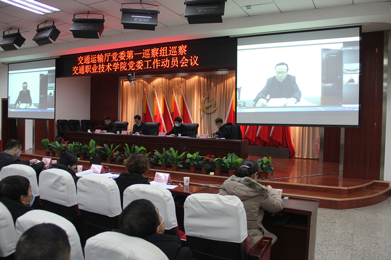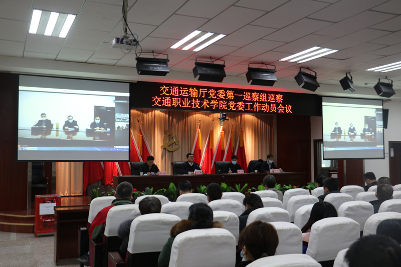 根据交通运输厅党委统一部署,2020年11月26日下午,交通运输厅党委2020年第一巡察组在交通职业技术学院召开巡察工作动员会。交通运输厅党委副书记(厅长级)、运管局党委书记、厅巡察工作领导小组副组长、巡察办主任刘平出席会议并讲话。厅党委第一巡察组组长王幸及第一巡察组成员,厅党委巡察办有关同志、学院党委领导班子成员、中层领导干部、副高级以上(含副高)职称干部、机关全体干部、教职工党员代表及离退休干部代表参加会议。
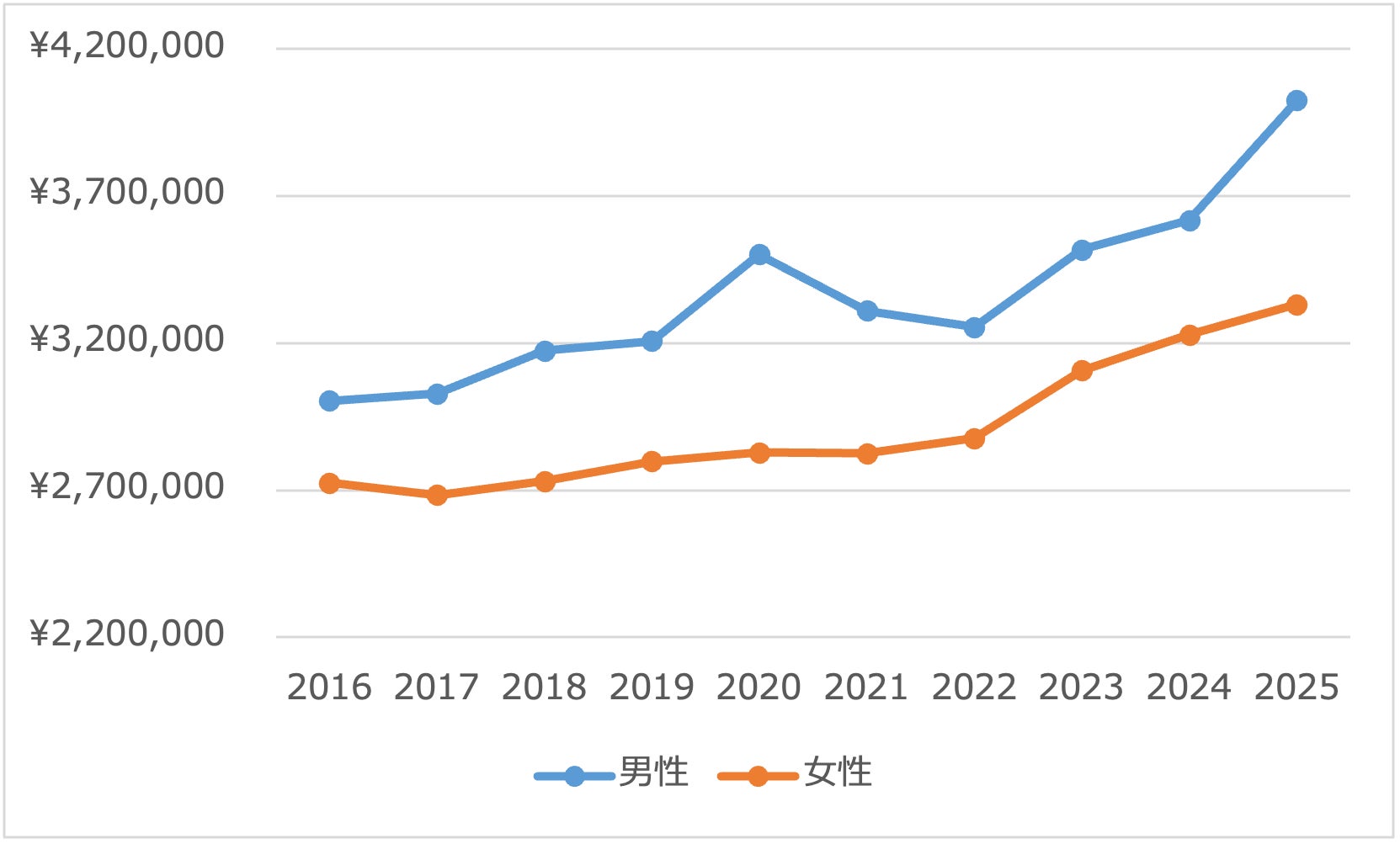 男性の平均提示年収は、長期的には緩やかな上昇基調で推移しています。年度ごとの調整局面は見られるものの、全体としては安定した増加傾向を維持しており、直近では比較的明確な上昇が確認されます。採用市場における人材需要の変化や、採用ポジションの構成が影響している可能性が考えられます。
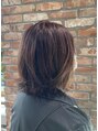 流行中のミディアムスタイル。カラーは柔らかなピンクベージュ。
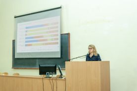 Він представив доповідачку семінару завідувачку відділу моніторингу якості освітньої діяльності, доцента Радмілу Скляр. На початку своєї доповіді, пані Радміла, акцентувала увагу на меті даного зібрання – це розглядання основних вимог існуючого законодавства та нормативних документів університету та на тому, що за результатами пройденого в минулому році опитування необхідно буде виокремити проблемні моменти та на базі отриманих даних створити модель щодо покращення забезпечення академічної доброчесності та якості вищої освіти у ТДАТУ.
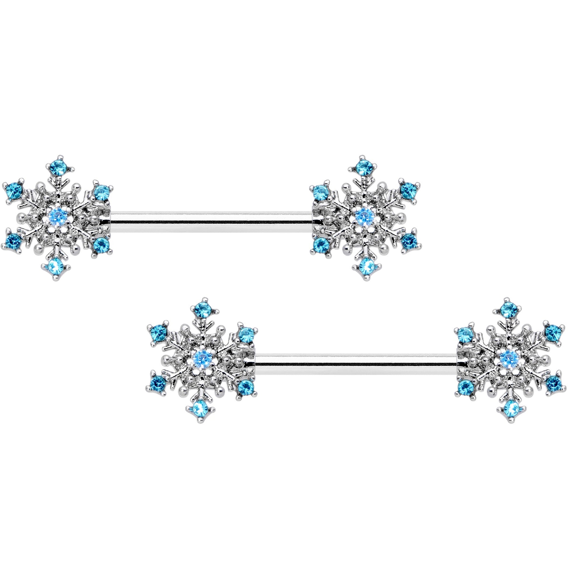 Be a special snowflake this Christmas with this 14 gauge nipple jewelry! It's made with 14mm durable 316L surgical grade stainless steel straight barbells. Each end features a snowflake charm set with aqua gems. Make your nipple piercings look as special as the rest of you this winter with these striking snowflake nipple rings! Sold as a set of two.Specifications

■ **Task**: Exactly the lines from the line containing "流行中のミディアムスタイル。カラーは柔らかなピンクベージュ。" to the end of the records need to be copied, both ends included, with pictures left out.

■ **Response to this task**:
 流行中のミディアムスタイル。カラーは柔らかなピンクベージュ。
 Він представив доповідачку семінару завідувачку відділу моніторингу якості освітньої діяльності, доцента Радмілу Скляр. На початку своєї доповіді, пані Радміла, акцентувала увагу на меті даного зібрання – це розглядання основних вимог існуючого законодавства та нормативних документів університету та на тому, що за результатами пройденого в минулому році опитування необхідно буде виокремити проблемні моменти та на базі отриманих даних створити модель щодо покращення забезпечення академічної доброчесності та якості вищої освіти у ТДАТУ.
 Be a special snowflake this Christmas with this 14 gauge nipple jewelry! It's made with 14mm durable 316L surgical grade stainless steel straight barbells. Each end features a snowflake charm set with aqua gems. Make your nipple piercings look as special as the rest of you this winter with these striking snowflake nipple rings! Sold as a set of two.Specifications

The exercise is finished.